Product of Array Except Self - Read / Write

Given an array nums of n integers where n > 1, return an array output such that output[i] is equal to the product of all the elements of nums except nums[i].

Example:

Input:[1,2,3,4]
Output:[24,12,8,6]

Problem link: Product of Array Except Self

Solution:

Let’s start with a brute-force solution.

public int[] productExceptSelf(int[] nums) {
    int[] arr = new int[nums.length];
    for(int i = 0; i < nums.length; i++) {
        int mul = 1;
        for (int j = 0; j < nums.length; j++) {
            if(i == j) {
                continue;
            }
            mul *= nums[j];
        }
        arr[i] = mul;
    }
    return arr;
}

Clearly, this is not an efficient solution and the time complexity for this solution is O(n²)

We can improve the implementation using the help of division. We can get the total multiplication value and for each element we divide the item.

public int[] productExceptSelf(int[] nums) {
    int mul = 1;
    for(int i = 0; i < nums.length; i++) {
        mul *= nums[i];
    }
    
    for (int i = 0; i < nums.length; i++) {
        nums[i] = mul / nums[i];
    }
    return nums;
}

This solution seems okay. But we missed an important edge case here. The existence of zero(0). If there is any input 0, it will cause division by zero exception.

To solve the division by zero exception, we can think of two use cases

1. One 0 exists in the input
2. 0 exists more than once.

For the use case for 0 existing more than once, we can easily define the result array will have all zeroes inside.

But, if we have only one 0, then we will only get output for that item only.

Input:[1,2,0,4,5]
Output:[0,0,40,0,0]

we can solve the problem using zero counter easily.

public int[] productExceptSelf(int[] nums) {
    int mul = 1, countZero = 0;
    for(int i = 0; i < nums.length; i++) {
        if(nums[i] == 0) {
            countZero++;
        } else {
            mul *= nums[i];
        }
    }
    if(countZero > 1) {
        return new int[nums.length];
    }
    for (int i = 0; i < nums.length; i++) {
        if(countZero > 0) {
            if(nums[i] == 0) nums[i] = mul;
            else nums[i] = 0;
        } else {
            nums[i] = mul / nums[i];
        }
    }
    return nums;
}

There is a note in the problem

**Note: **Please solve it without division and in O(n).

To solve without division, we first need to find pattern of the problem.

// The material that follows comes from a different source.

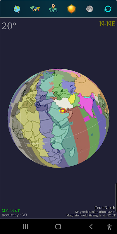 - 2D Compass (position of Sun, Moon & Qibla).
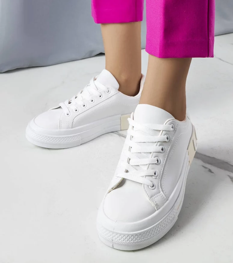 Tenisówki damskie z wysokiej jakości skóry ekologicznej cechują się starannością wykonania, minimalistycznym designem oraz uniwersalnym charakterem. Wysoki komfort użytkowania w połączeniu z uroczym wyglądem czyni prezentowany model pożądanym dodatkiem, którego nie może zabraknąć w garderobie żadnej kobiety. Biały kolor przełamany wstawką doda stylizacji wizualnej lekkości. Numeracja standardowa, prosimy sugerować się swoim rozmiarem.

Let’s find it with provided example input.

Input:[1,2,3,4]
Output:[24,12,8,6]

We can distribute the input in left and right section, so that we can multiply left and right to get our result.

Index: 0
Nums[Index] = 1 (default)
Left[Index] = 1
Right[Index] = 2 * 3 * 4 = 24
Result[Index] = Left[Index] * Right[Index] = 1 * 24 = 24

Index: 1
Nums[Index] = 2
Left[Index] = 1
Right[Index] = 3 * 4 = 12
Result[Index] = Left[Index] * Right[Index] = 1 * 12 = 12

Index: 2
Nums[Index] = 3
Left[Index] = 1 * 2 = 2
Right[Index] = 4
Result[Index] = Left[Index] * Right[Index] = 4 * 2 = 8

Index: 3
Nums[Index] = 4
Left[Index] = 1 * 2 * 3 = 6
Right[Index] = 1 (default)
Result[Index] = Left[Index] * Right[Index] = 6 * 1 = 6

To generate our left array

left[i] = left[i - 1] * hums[i - 1]

And our right array

right[i] = right[i + 1] * hums[i + 1]

So, our solution will be

public int[] productExceptSelf(int[] nums) {
    int[] left = new int[nums.length];
    left[0] = 1;
    for (int i = 1; i < nums.length; i++) {
        left[i] = left[i - 1] * nums[i - 1];
    }
    int[] right = new int[nums.length];
    right[nums.length - 1] = 1;
    for (int i = nums.length - 2; i >= 0; i--) {
        right[i] = right[i + 1] * nums[i + 1];
    }
    for (int i = 0; i < nums.length; i++) {
        nums[i] = left[i] * right[i];
    }
    return nums;
}

Please share any other better solution for this problem.